The pulses of the seasons, the waxing of the moon, the sudden hush of nightfall and the bird-filled African dawn are drowned out by the shrill cries of morning alarm bells and the bleeps and artificial tunes of a trillion cellphones. Time only stops, said Albert Einstein, when you take a ride on a beam of light.

There was a time, though, when we were on more intimate terms with the moon. We lived our lives by its rhythms and had a name for each one. The American Indians, the Mayans, the Egyptians and, in fact, most of the Earth's peoples had at one time names for the 13 lunar months.

The Zulus were no exception. Each name of each moon described what was going on in nature at the time that it waxed and waned in the heavens.

As we are now in summer, let us start with the Moon of Inspection (uNhlolanja), which is inspecting the land to see if the pumpkins that have been planted are starting to grow. It is also the time when wild dogs mate.

We will soon move on to the Moon of Plenty (uNdasa), when there will be an abundance of new mealies and stomachs will be full. After this, the early winter will start and the Fire Kindling Moon (uMbaso) will rise as fires are lit in the hearths of the huts.

One of my favourites then appears, the Aloe Blooming Moon (uNhlaba), and one suddenly sees those perfect slender spikes of orange and yellow, and feels the first chill wind off the distant Berg. It is then that the winter moon arrives and blankets are taken out and more wood is gathered for the fire.

When the leaves are shed and shaken off the trees, she is called the Moon of the Bare Trees (uNhlangula).

Because of the size of
KwaZulu-Natal, the land of the Zulus, the same moon may go by different names in the northern tropical parts from those in the southern regions or the high grounds of the Drakensberg Mountains (Khahlamba) that rise up as pointed spears into the sky.

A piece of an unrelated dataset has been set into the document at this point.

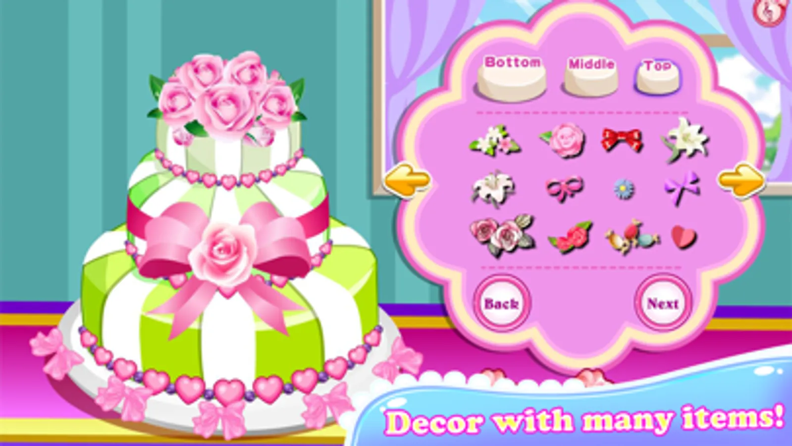 The Rose Wedding Cake is a fun and adorable wedding cake cooking game that gives you a chance to create your own dream wedding cake that would look beautiful on the table in front of your guests. With so many different designs and colours to choose from you can really make your wedding cake stand out.

In the early autumn comes the Great Dust Driving Moon (known as Untulikazi by some and uMaQuba Omkhulu by others) when the hot winds stir up the dry lands and men cover their faces with their jackets. There is also the Moon of the Nesting Yellow-billed Kite (uKholo, also known as uNhloyile) as she glides on her synchronised wings in the crystal thin, blue sky.

At this time, another of my favourite moons appears, the elegant New Green Moon (uNcwaba) when the land starts to turn green after the first smattering of rain and the early crocuses peep up through the old dry yellow winter grass. It is time now for late spring and early summer with the Moon of Sprouting (uMfumfu) and the Moon when the Impala Lamb (iMpala).

The grass is now getting longer and the Moon of the Spittle Bugs (uLwezi) is waxing high in the night sky and the frogs start making reverberating noises in the river beds. The days become warm and the Moon of the Stinging Hot Sun (Umandulo) rises when the women prepare their gardens and start hoeing in the fields. As the summer continues, the grass grows over the paths in the veld and the Paths are Lost Moon (uZibandhlela) hardly cools down the heat of the mid-summer sun. After this, it is the turn of the Searching about Moon (uMasingana) who, from a distance, searches the land to see if the crops are ripening.

'The Moon of the Stinging Hot Sun rises when the women prepare their gardens.'

I have not matched up the Western calendar months with these lunar rhythms. The Western calendar remains pinned on the fridge door with all its rigid precision. You can see all the penned-in deadlines. They do not include the Perplexing Moon (uNdida), when people dispute which one she is. The poetry is not there. The clouds, like dark riders, slowly cross the full moon unseen by Western man as he presses his remote controls to change the channels of his programmed life.

There is a Zulu legend that the craters on the moon form the image of a woman carrying a child on her back, with a bundle of wood on her head. The story, usually told by the grandmother, is that there were certain days when the people of long ago were forbidden to go into the forest to collect wood for their fires. One woman had a very naughty child who cried out for food on a day when people were forbidden to go into the forest. Despite this, she decided to go into the forest to gather firewood. On her way back with the bundle of wood on her head, the moon, as punishment, came down and took the woman up into the sky where she will remain for ever.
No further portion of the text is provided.